Писатели были бодрые, веселые, уверенные в своей правоте, убежденные в том, что никакие крикуны никогда не поколеблют линию партии. Их бодрость передалась и Якову Тимофеевичу. «Нет, все–таки и у меня кое–какая закалочка имеется, — думал он. — Научила меня партия разбираться в обстановке». Он поспешил завершить свои дела в столице и выехал домой с твердым намерением решительно изменить дела в театре.

«Странно, — размышлял Яков Тимофеевич на обратном пути в поезде, — иные люди нарочно не хотят видеть жизни. Ведь только оглянись — вокруг все не так, как мы изображаем на подмостках». В вагоне с ним ехали главный агроном крупного кубанского зерносовхоза, секретарь сельского райкома с Украины, офицер–черноморец; в Донбасс возвращался шахтер — побывал туристом в Чехословакии; бабуся ехала в Красноводск, сын там работает, у него сынок родился, третий уже, вот позвала на внучка посмотреть, погостить. Много было разного народа. Разговоры шли об урожае, о всяческих историях из жизни, о том, как улучшается жизнь, о добыче угля у нас и у чехов. Простые были люди, веселые, жизнерадостные, им нравилась страна, в которой они живут, нравился народ свой родной. Якову Тимофеевичу думалось: вот случись сейчас что, не дай боже, такое… Крикнут им всем: «К оружию, друзья, — вон там винтовки в ящиках!» Расхватают винтовки и, не задумываясь, пойдут в бой. Даже, бабуся потащится следом: а ну–ка рану кому перевязать. Только томашуки шипеть будут: «Ага, необученных на смерть послали! Ага, командуете бездарно! Ага…» Во всех случаях жизни томашуки найдут подходящее «ага».

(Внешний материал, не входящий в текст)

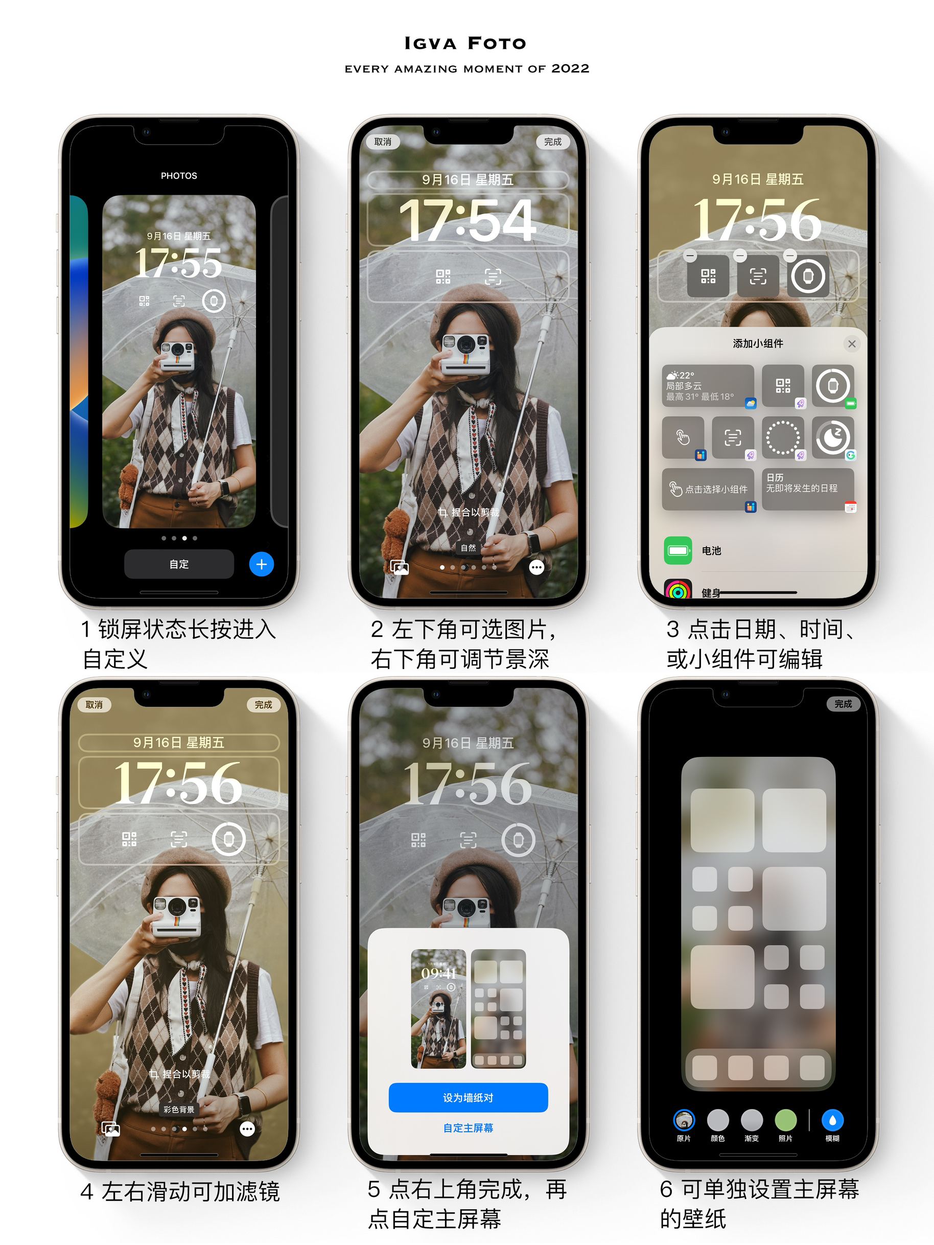前几天升级了iOS16的系统,目前还在适应中,不过功能上属实真香。那关于它的分享,就从锁屏壁纸与小组件开始吧。 📱锁屏壁纸与小组件的添加方法(图2): ➊ 在锁屏状态下长按屏幕,会进入自定义界面 ➋ 左下角可选图片作为壁纸,右下角可调节景深 ➌ 点日期、时间、或小组件,可分别编辑、更改颜色或添加内容 ➍ 自定义界面下左右滑动,可为壁纸添加滤镜 ➎ 点右上角的【完成】,会出现【设为墙纸对】和【自定...

Яков Тимофеевич уже знал, что он сделает, возвратясь домой. Вопрос о новой пьесе Алексахина он поставит на партийном бюро театра. А может быть, есть смысл и на партийном собрании обсудить. Пусть коммунисты решают, хороша пьеса или не хороша. Нельзя превращать театр в вотчину Томашука и худрука. Есть общественность, есть трудовой народ, есть партийная организация.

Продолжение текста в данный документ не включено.